Centrum Analiz Ekonomicznych

Working Paper 02/10

Persecution in Central Europe and its consequences on the lives of SHARE respondents.

Radim Bohacek, Michał Myck

Abstract:

We report information from the SHARELIFE data recalling experiences of persecution and dispossession of SHARE respondents and focus on the relationship of persecution and current outcomes in the three Central European populations. 10% of the Czech and East German respondents and about 6% of those in Poland report being persecuted, and political reasons are most frequently reported to be the main reason for this persecution (respectively 61%, 47% and 40%). Persecution in the Czech Republic had most severe consequences for professional careers of the respondents. The experience of persecution in the Czech Republic has strongest effects on the reported satisfaction with job achievements and career disappointment.
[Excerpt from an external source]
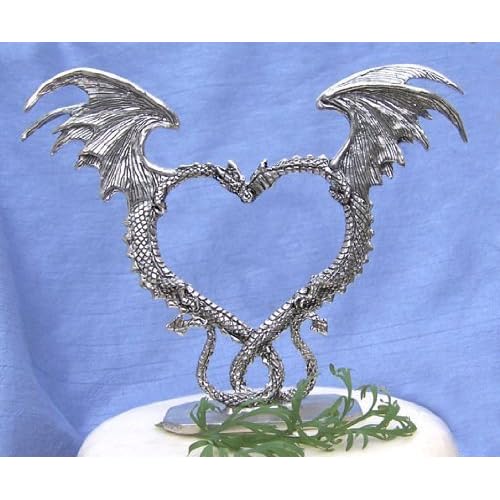 Dragon Heart Cake Topper is best for youName: Dragon Heart Cake Topper These two dragons are nuzzeling, their tails entwine, and the space between them forms a heart. We designed this to top a wedding cake, but it makes a wonderful sculpture as well. (On a cake, the base will be covered with frosting or flowers.) We make it by hand from lead-free pewter and it is 7 1/2 inches across from wing tip to tip. This item is often used as wedding cake topper but can be used for any other special occasion. Size: 6' H x 7.5' W Item Number: FF-X258 Made in the USA! Product Line: Fellowship Founddry Pewter Wedding Cake Topper

The relationship between persecution and health is strongest in Poland, where compared to those not persecuted in the past, the persecuted individuals are from 60-70% more likely to report current poor health, three or more limitations in performing daily activities (ADLs), as well as having experienced long-term illness and a period of disability. Persecuted individuals in Poland are also twice as likely to report having three or more symptoms of poor health.  Effects of persecution on health are also present in the Czech and GDR samples, though in most cases the effects are not statistically significant.
[To be published in: Axel Börsch-Supan, Martina Brandt, Karsten Hank and Mathis Schröder (eds)(2011): "The Individual and the Welfare State. Life Histories in Europe". Springer: Heidelberg.]